**ASSIGNMENT:** Below are lines of data, and only some are wanted. Please repeat exactly those from the line that has "Trio of meteorite" through the line that has "Set of colorful Christmas icons flat".

**INPUT DATA:**
* * * * * * *
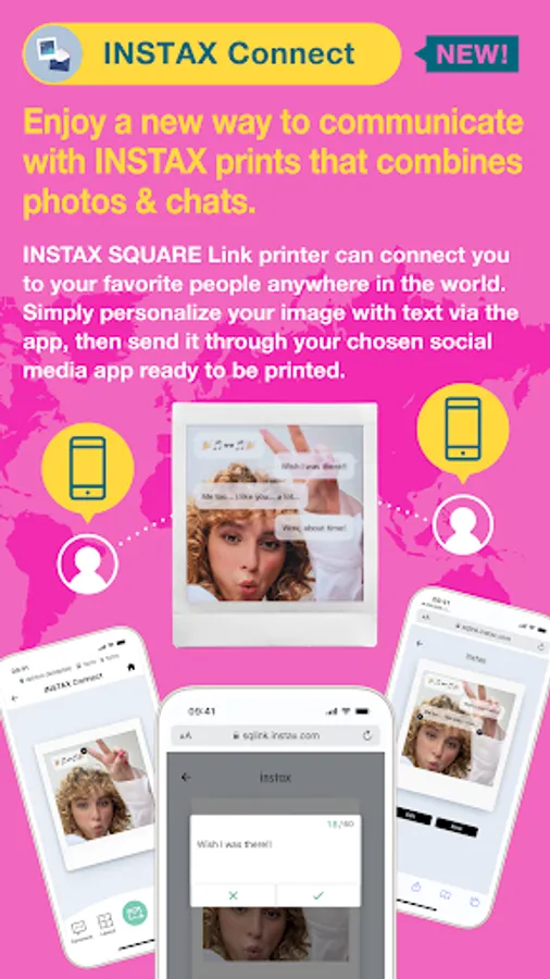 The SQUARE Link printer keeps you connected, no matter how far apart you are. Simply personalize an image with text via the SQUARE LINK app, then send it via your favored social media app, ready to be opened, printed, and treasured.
* * * * * * *
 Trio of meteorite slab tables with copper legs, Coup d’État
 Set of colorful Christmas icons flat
* * * * * * *
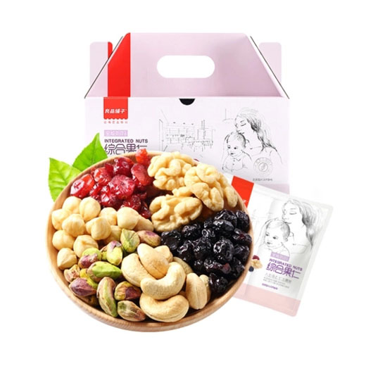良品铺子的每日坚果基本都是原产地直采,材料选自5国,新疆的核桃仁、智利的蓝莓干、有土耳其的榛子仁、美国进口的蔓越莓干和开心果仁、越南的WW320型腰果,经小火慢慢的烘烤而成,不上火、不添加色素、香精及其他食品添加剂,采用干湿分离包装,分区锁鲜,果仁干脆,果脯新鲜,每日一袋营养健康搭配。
* * * * * * *
**RESULT OF THIS TASK:**
 Trio of meteorite slab tables with copper legs, Coup d’État
 Set of colorful Christmas icons flat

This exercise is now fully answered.